Provide Solution For R.D.Sharma Maths Class 12 Chapter 21 Differential Equations Exercise 21.9 Question 17 Maths Textbook Solution.

Answers (1)

Answer: y+\sqrt{y^{2}-x^{2}}=c

Given:   \frac{dy}{dx}=\frac{y}{x}-\sqrt{\frac{y^{2}}{x^{2}}-1}

To solve: We have to solve the given differential equation.

Hint: Put y=vx and \frac{dy}{dx}=v+x\frac{dv}{dx}in homogeneous equation.

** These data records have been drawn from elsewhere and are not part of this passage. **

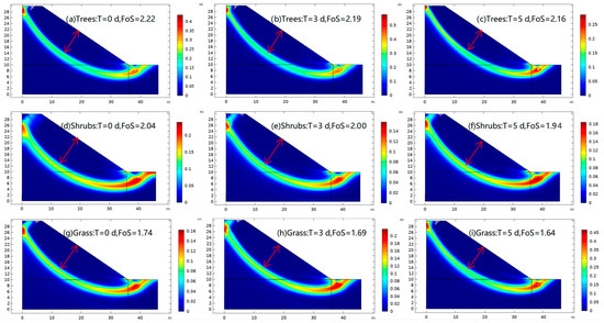 The soil mechanical strength parameters were obtained using the direct shear test, and the Van Genuchten model parameters were obtained from the SWCC [30]. These are provided in Table 1. Rainfall simulation for slopes with three vegetation types was performed using COMSOL Multiphysics 5.6 (COMSOL Inc., Sweden). From the distribution of the effective saturation of slopes after rainfall seen in Figure 7, the unsaturated area of the slope decreases with time after rainfall, with trees having the largest unsaturated zone relative to grass and shrubs, and the location of the diving surface being lower than the other two. The increase in the plastic strain represents the position of the critical failure surface and provides the possible failure mechanisms [40]. Figure 8 represents the plastic strain of the slope, with the red areas representing the areas of the greatest plastic strain, where the most severe damage occurred. We considered extreme rainfall conditions (480 mm/d) and different rainfall durations (t = 0 d, t = 5 d) to understand the impact of rainfall on slope stability. Under the mean rainfall intensity, seen from the cloud map (T = 0 d), the FoS of the slope with trees, shrubs, and grass was 2.22, 2.04, and 1.74, respectively. When t = 5 d, the FoS of the slopes of the three vegetation types was reduced. At this time, the FoS of the slope with trees, shrubs, and grass was 2.16, 1.94, and 1.64, respectively, and the FoS of trees decreased by 2.7%, shrubs by 4.9%, and grasses by 5.7%. The plastic zone indicates the potential sliding surface of the slope. The potential sliding surface depth of the slope with trees was smaller than that of the slopes with shrubs and grass.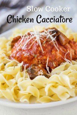 Nota interesante: Cazador en italiano se traduce como “cazador”. Así que prepara algo para el cazador Esto significa que las proteínas generalmente se cocinan con cebollas, tomates, hierbas, pimientos y vino. A veces incluso setas. ¡Una combinación increíble sin duda! Además del verdadero significado, a Ben le gustaba mucho repetir (como tres veces) que estaba comiendo su enorme tazón de espagueti cubierto con un delicioso cacciatore de pollo caliente estilo cazador. ¿Cuál es tu receta favorita de olla de cocción lenta? ¡Me encantaría escuchar eso en los comentarios!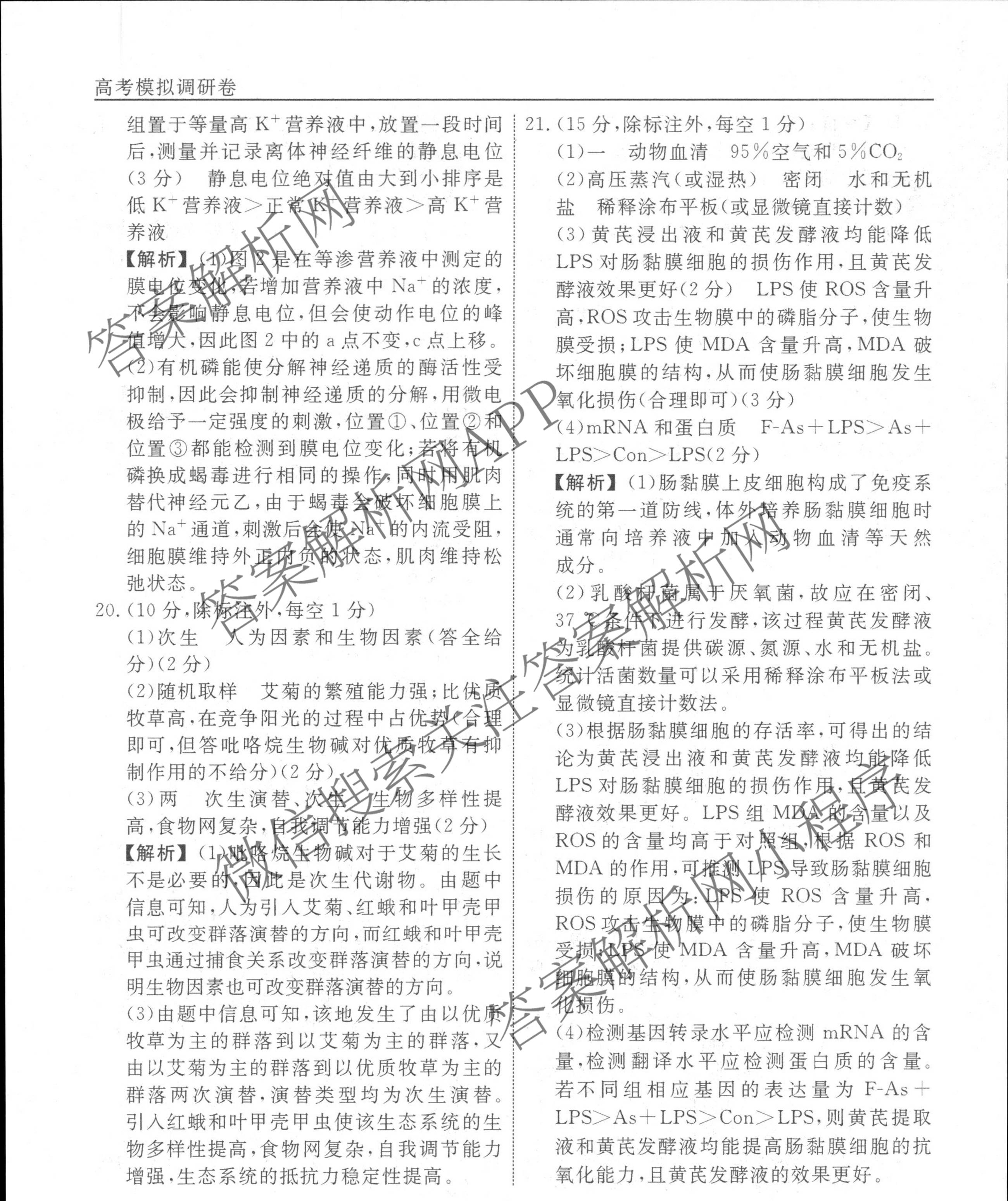 衡水名师卷高考模拟调研卷 2025年普通高等学校招生全国统一考试模拟(四)4生物(空心菱形)答案
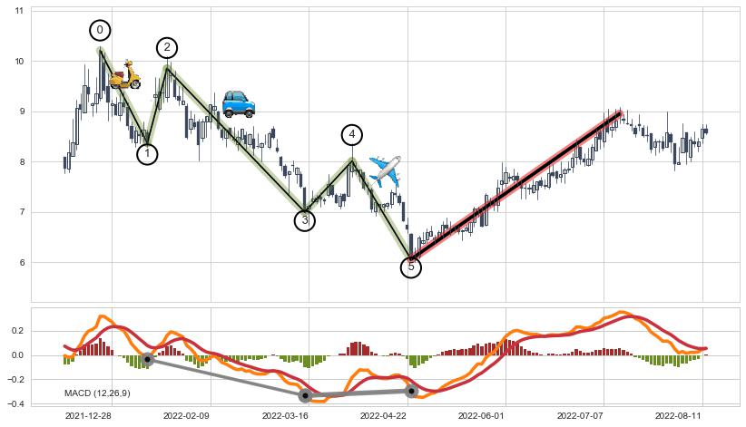 ➣ AI预测: 假定反转启动后, 第❸目标位置(2022-11-25, 8.95)

Solution: \frac{dy}{dx}=\frac{y}{x}-\sqrt{\frac{y^{2}}{x^{2}}-1}

It is a homogeneous equation

Put y=vx and \frac{dy}{dx}=v+x\frac{dv}{dx}

So,v+x\frac{dv}{dx}=\frac{vx}{x}-\sqrt{\frac{v^{2}x^{2}}{x^{2}}-1}

\Rightarrow x \frac{d v}{d x}=v-\sqrt{v^{2}-1}-v \\

\Rightarrow x \frac{d v}{d x}=-\sqrt{v^{2}-1} \\

\Rightarrow \int \frac{d v}{\sqrt{v^{2}-1}}=-\int \frac{d x}{x} \\

\Rightarrow \log \left|v+\sqrt{v^{2}-1}\right|=-\log x+\log c \\                                              \left[\therefore \int \frac{d v}{\sqrt{v^{2}-1}}=\log \left|v+\sqrt{v^{2}} 1\right|\right]                                          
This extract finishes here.